Читаем Граф Сардинский: Дмитрий Хвостов и русская культура полностью

«Говоря о талантах, можно ли позабыть неутомимого Хвостова? – пишет он спустя полтора года тому же адресату. – Наконец, его терпение, которое, помнится, Бюфон признает гением, отметило его знаком?» [там же: 264][270]. И далее: «В “Соревнователе” его уже сравнивают с Державиным. ‹…› Казанский университет… первый разбирал красоты его.
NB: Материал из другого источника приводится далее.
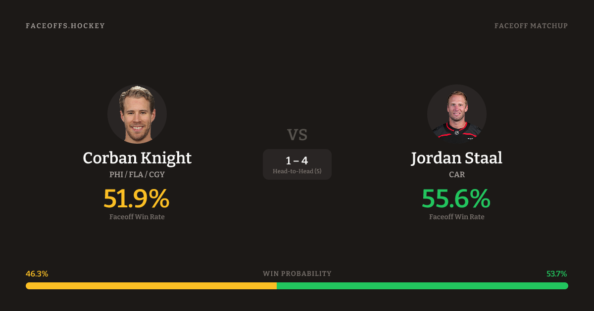 Corban Knight vs Jordan Staal — Faceoff Head-to-Head
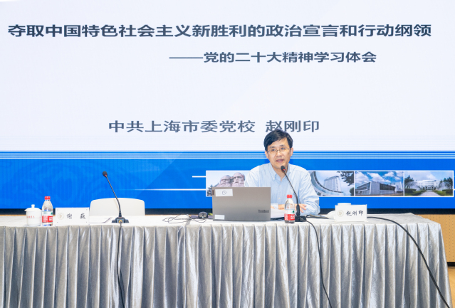 上海市委党校党的建设教研部主任赵刚印教授,应邀在会上作了题为《夺取中国特色社会主义新胜利的政治宣言和行动纲领——党的二十大精神学习体会》辅导报告。
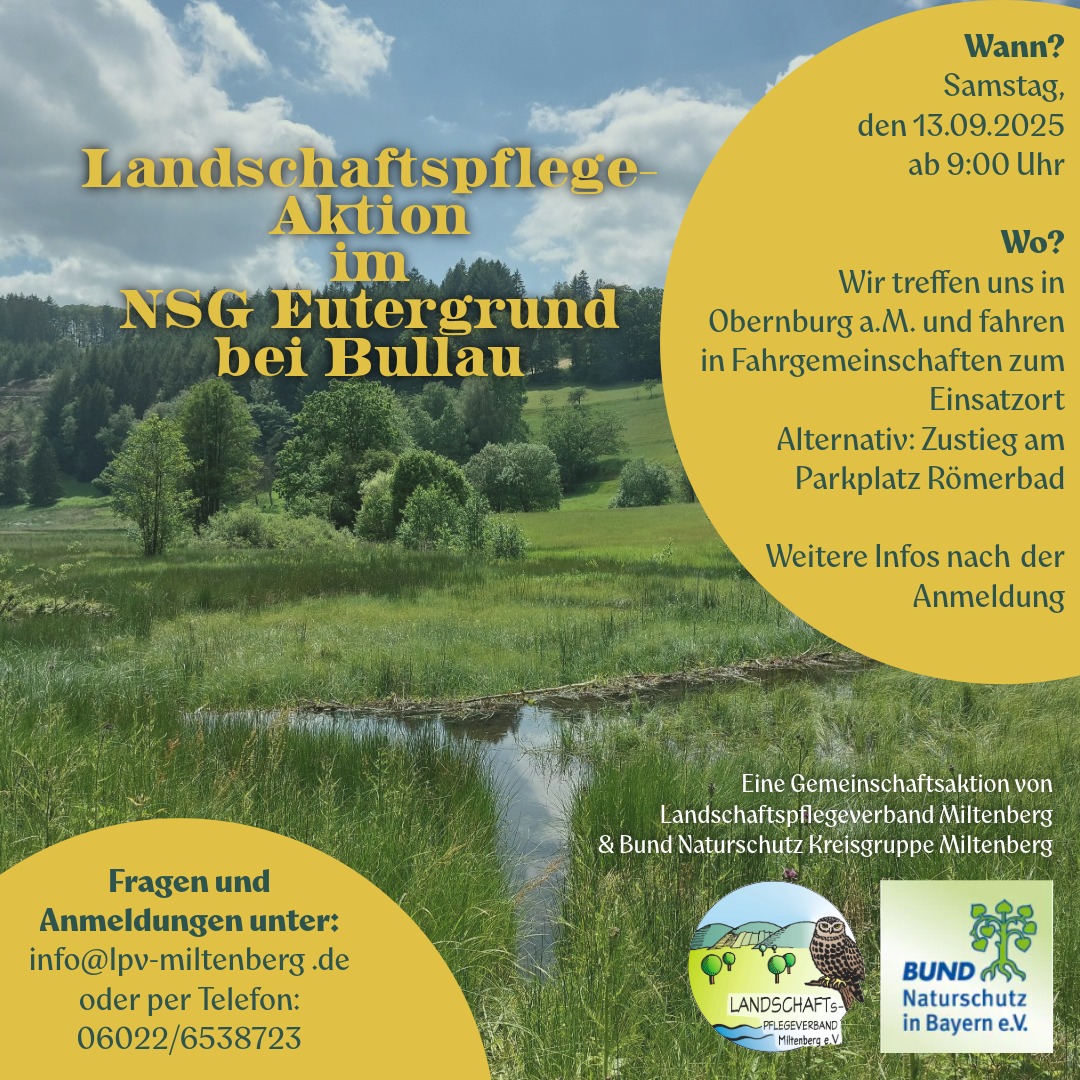 Am südlichen Ende unseres Landkreises, bei Kirchzell, liegt das Naturschutzgebiet Eutergrund. Das Feuchtgebiet wird zum Tal händisch gepflegt. Bei dieser Aktion soll ein Teil gemäht werden und das Mähgut soll von der Fläche entfernt werden. Fahrgemeinschaften ab Obernburg, Zustieg bzw. Treffpunkt am Parkplatz "Römerbad".
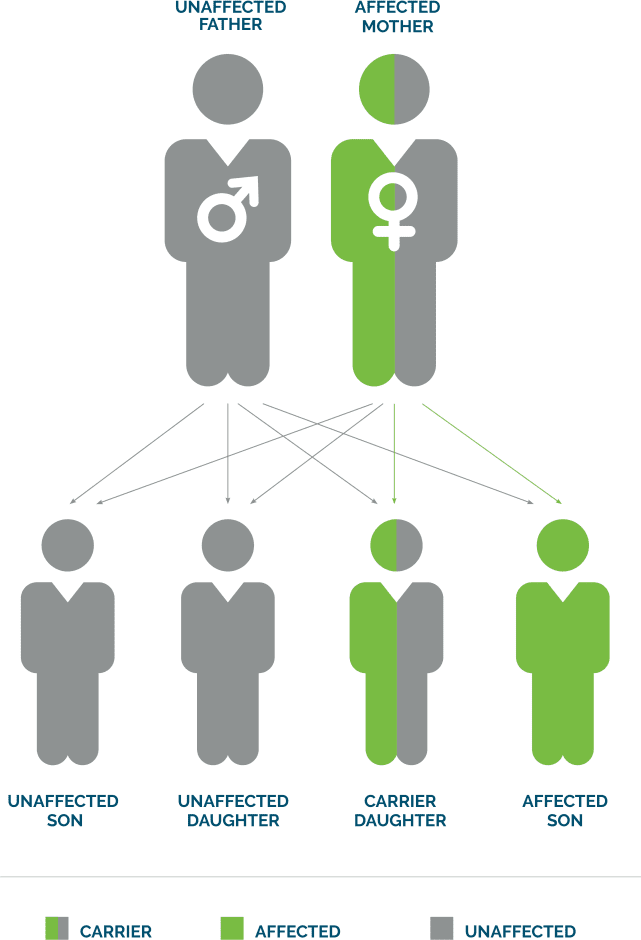 The X and Y chromosomes (often called the sex chromosomes) determine whether a baby is male or female. Males have one X and one Y, while females have two X chromosomes. Some disorders are caused by variants or alterations of the X chromosome. Generally, if a woman has a pathogenic variant on one of the genes located on an X chromosome, she is considered a carrier — and has a 50% chance of passing that variant onto her children. If she passes on the variant on to a male child, that child can be affected with the condition. Affected males will not pass the variant onto their sons, but daughters of affected males will be carriers of the variant. Female carriers rarely develop symptoms of the condition but their daughters have a 50% chance of being carriers.
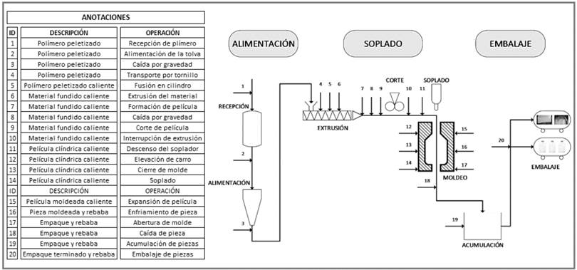 Teniendo en cuenta los tres procesos industriales principales de EPO Ltda., y a partir de visitas a la planta física de la empresa, observar detalladamente el proceso en las respectivas máquinas y entrevistarse con los operarios y el personal pertinente, se obtuvo la información necesaria para realizar el diagrama de flujo de cada proceso. Debido a la complejidad y extensión de los mismos, en este artículo se presenta únicamente el diagrama de flujo por operaciones del proceso de moldeo por soplado, (ver Fig. 4).
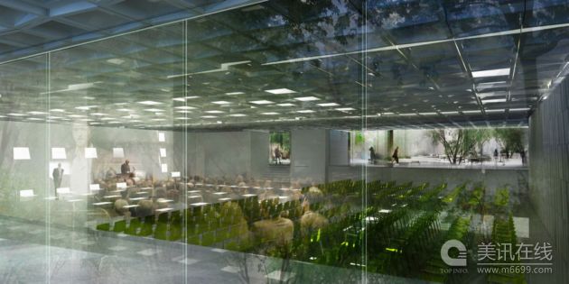 整個樓群的低地基與幾排大樓全部為開放式布局,可以毫無阻礙的觀賞到后面的山丘景色。從大樓的地基處遠望這個花園,可以看到一個充滿活力與激情的工作社區,這里又各種各樣的辦公室與會議室,新址將可以容納1200多間辦公室。與目前總部大樓的有色玻璃窗不同的是,新的國際刑事法庭總部將顯得更加開闊和透明。
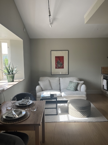 Ett nyproducerat boende i fristående hus med hög standard. 3,6 i takhöjd. Resturang och butiker 100 m från bostaden. Naturreservat och badplats på gångavstånd. Lägenheten är 25m2 med 6m2 sovloft.. SL Bussförbindelser ca 100 m som tar dig till Märsta centrum. Där finns pendeltåg/SJ tåg till Stockholms central eller bussar till Arlanda. Bra förvaring med 2 större garderober och en längre byrå med skåp och lådor. Fullt möblerad och all köksutrustning finns. Egen tvättstuga med Tvätt och tork i i samma byggnad. Fina naturområden med slottsparken intill knuten gör det till ett mysigt område att promenera i. Sommartid finns Steningebadet och man kan även titta in på Steningevik och ta en afternoon tea på helgen. Ligger i ett lugnt och säkert område.
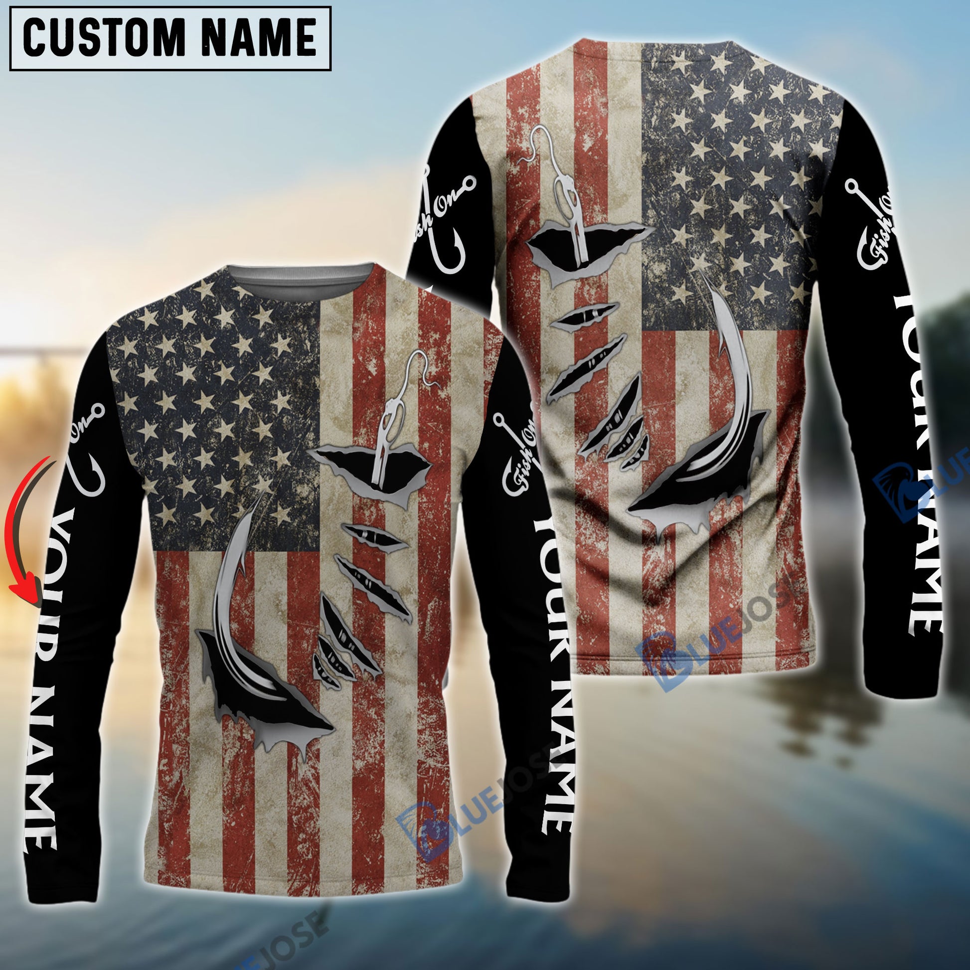 Bluejose Us Fishing 3D Fish Hook American Flag Patriotic Fish On Quick Dry Customize Name Long Sleeves Shirts

Увидите, что еще до снега он будет у нас гений» [там же].

Дутая слава Хвостова, с сизифовым упорством восходящего на российский Парнас, свидетельствует, по Дмитриеву, о «тупости» или беспринципности современной журнальной критики, уже дошедшей до абсурдного, с его точки зрения, требования разделять русские оды на «Горацианские, Ломоносовские, Петровские, Капнистовские и Хвостовские»[271]. «Словом, он их гений

, – заключает Дмитриев. – Да здравствует терпение! Дождался и он цветущаго времени нашей словесности». Панегиристы Хвостова (Дмитриев презрительно называет «журналистов каких-то» Кругликова, Сниткина и Георгиевского) утверждают, что он «отличается пред прочими силою в мыслях и точностию в выражениях оных». Жаль, продолжает Дмитриев, что они «не привели в пример чувства, превращенныя в прах, голубка с зубами, козла с свиною тушею и пр. Какое ободрение для талантов!» [Дмитриев 1898: 26].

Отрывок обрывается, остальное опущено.